§ **What to do**:
Using the material below, print a verbatim copy of every line from the one containing "Gruppo n.4 fermacarte" through the one containing "Super affaire parfum", inclusive, and omit the pictures.

§ **Dataset records**:
════════════════════
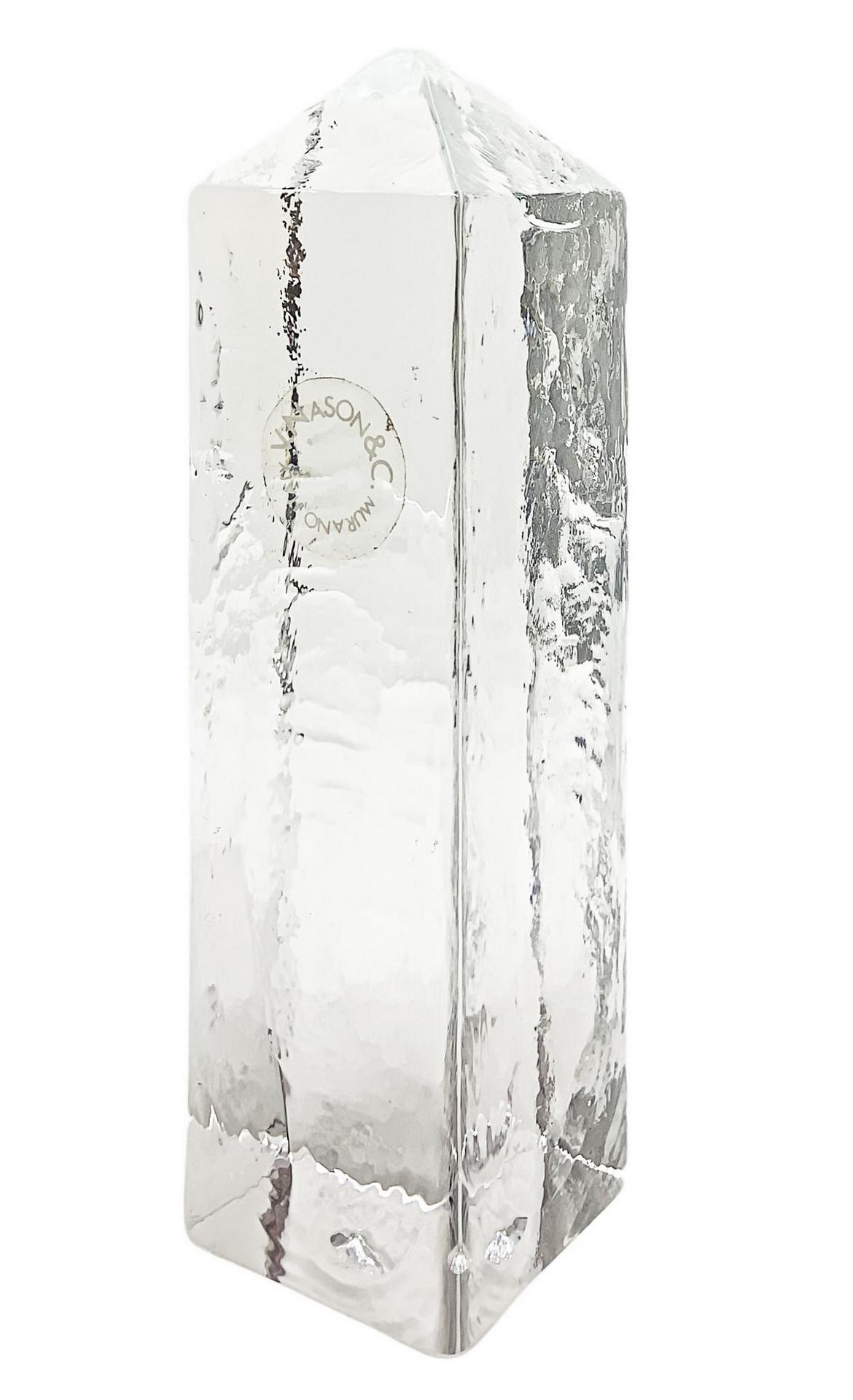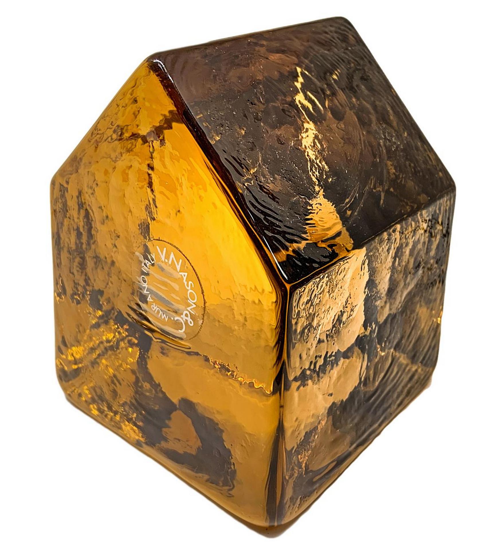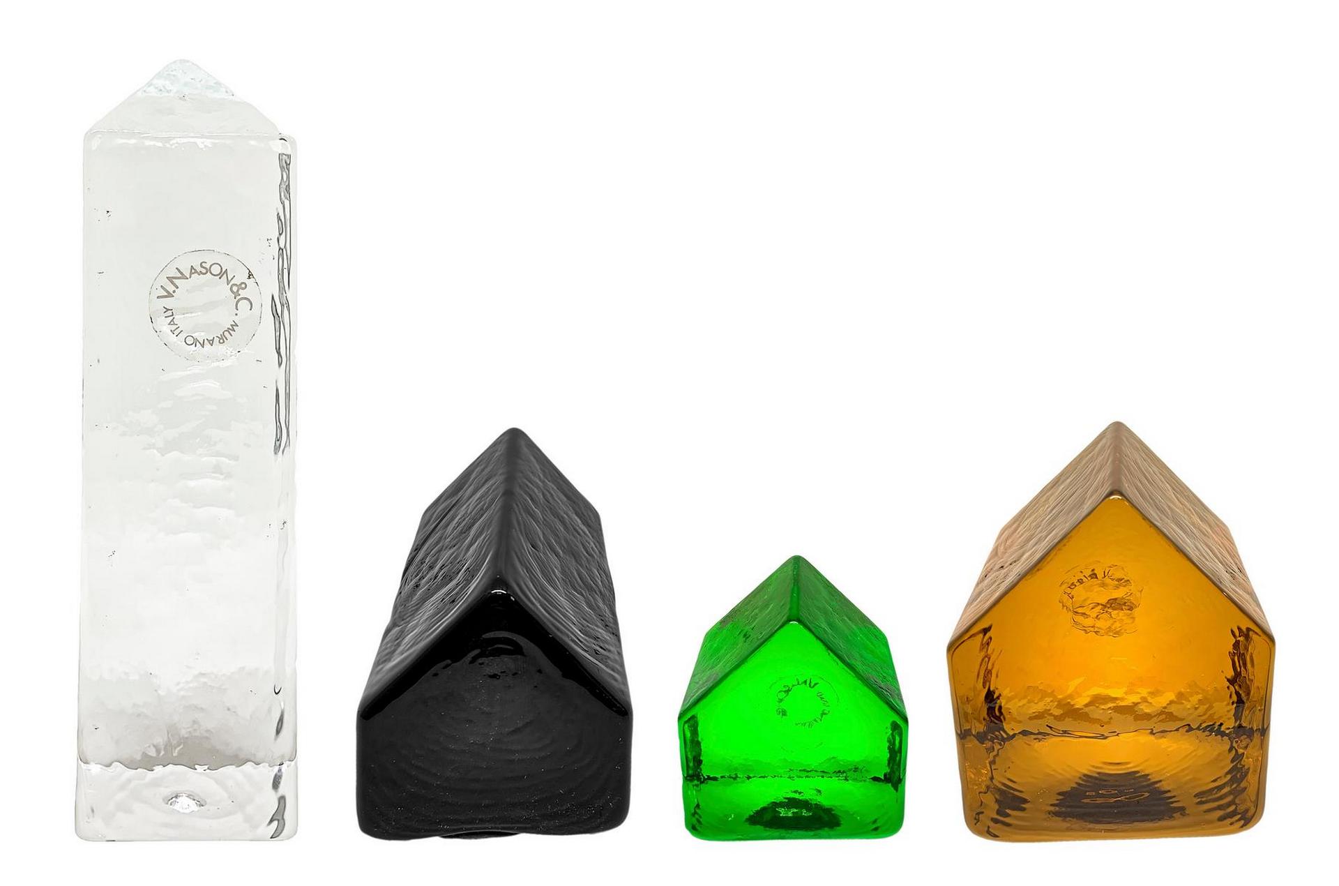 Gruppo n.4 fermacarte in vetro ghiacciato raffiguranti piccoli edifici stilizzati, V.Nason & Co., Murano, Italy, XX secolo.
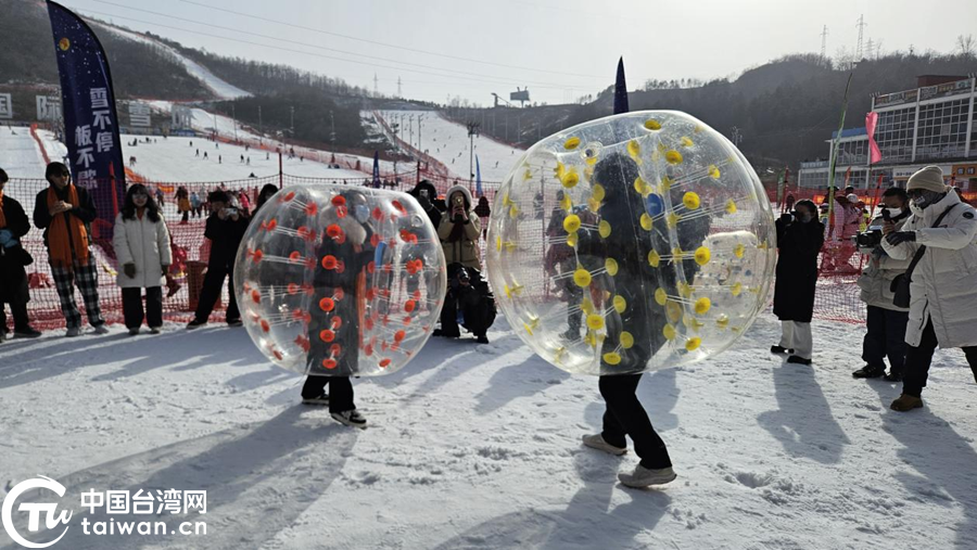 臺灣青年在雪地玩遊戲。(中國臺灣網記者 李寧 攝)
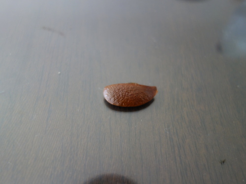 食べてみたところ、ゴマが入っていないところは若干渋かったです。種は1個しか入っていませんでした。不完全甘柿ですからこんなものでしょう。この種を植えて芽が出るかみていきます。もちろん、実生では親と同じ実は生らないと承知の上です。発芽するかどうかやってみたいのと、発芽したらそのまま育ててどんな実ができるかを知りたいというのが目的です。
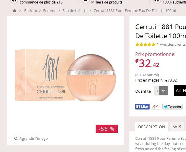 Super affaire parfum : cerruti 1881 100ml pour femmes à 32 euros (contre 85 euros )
════════════════════
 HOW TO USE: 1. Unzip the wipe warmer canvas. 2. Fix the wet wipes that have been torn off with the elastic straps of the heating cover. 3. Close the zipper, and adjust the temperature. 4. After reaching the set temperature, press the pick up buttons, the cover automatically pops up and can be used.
════════════════════
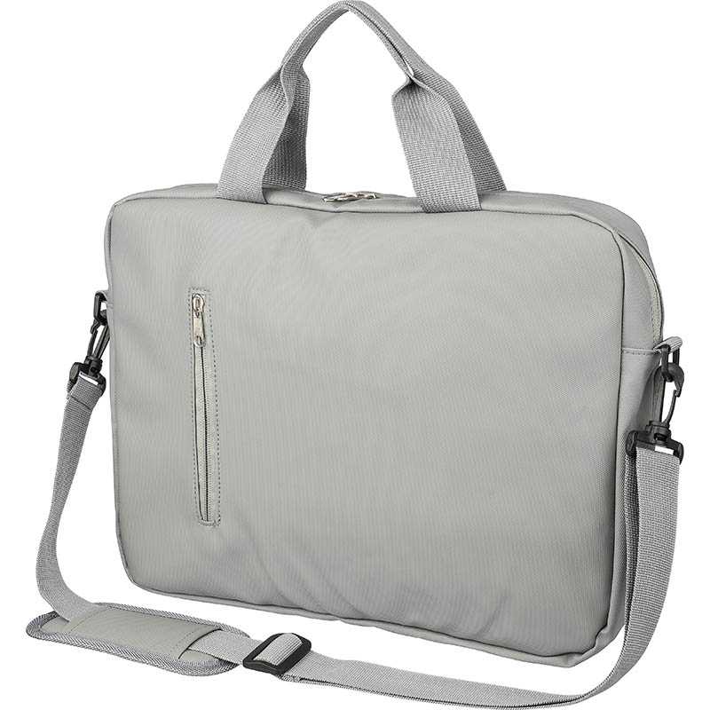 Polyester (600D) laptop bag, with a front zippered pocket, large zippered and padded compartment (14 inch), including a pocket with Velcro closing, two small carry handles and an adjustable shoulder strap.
════════════════════
§ **Completed task**:
 Gruppo n.4 fermacarte in vetro ghiacciato raffiguranti piccoli edifici stilizzati, V.Nason & Co., Murano, Italy, XX secolo.
 臺灣青年在雪地玩遊戲。(中國臺灣網記者 李寧 攝)
 食べてみたところ、ゴマが入っていないところは若干渋かったです。種は1個しか入っていませんでした。不完全甘柿ですからこんなものでしょう。この種を植えて芽が出るかみていきます。もちろん、実生では親と同じ実は生らないと承知の上です。発芽するかどうかやってみたいのと、発芽したらそのまま育ててどんな実ができるかを知りたいというのが目的です。
 Super affaire parfum : cerruti 1881 100ml pour femmes à 32 euros (contre 85 euros )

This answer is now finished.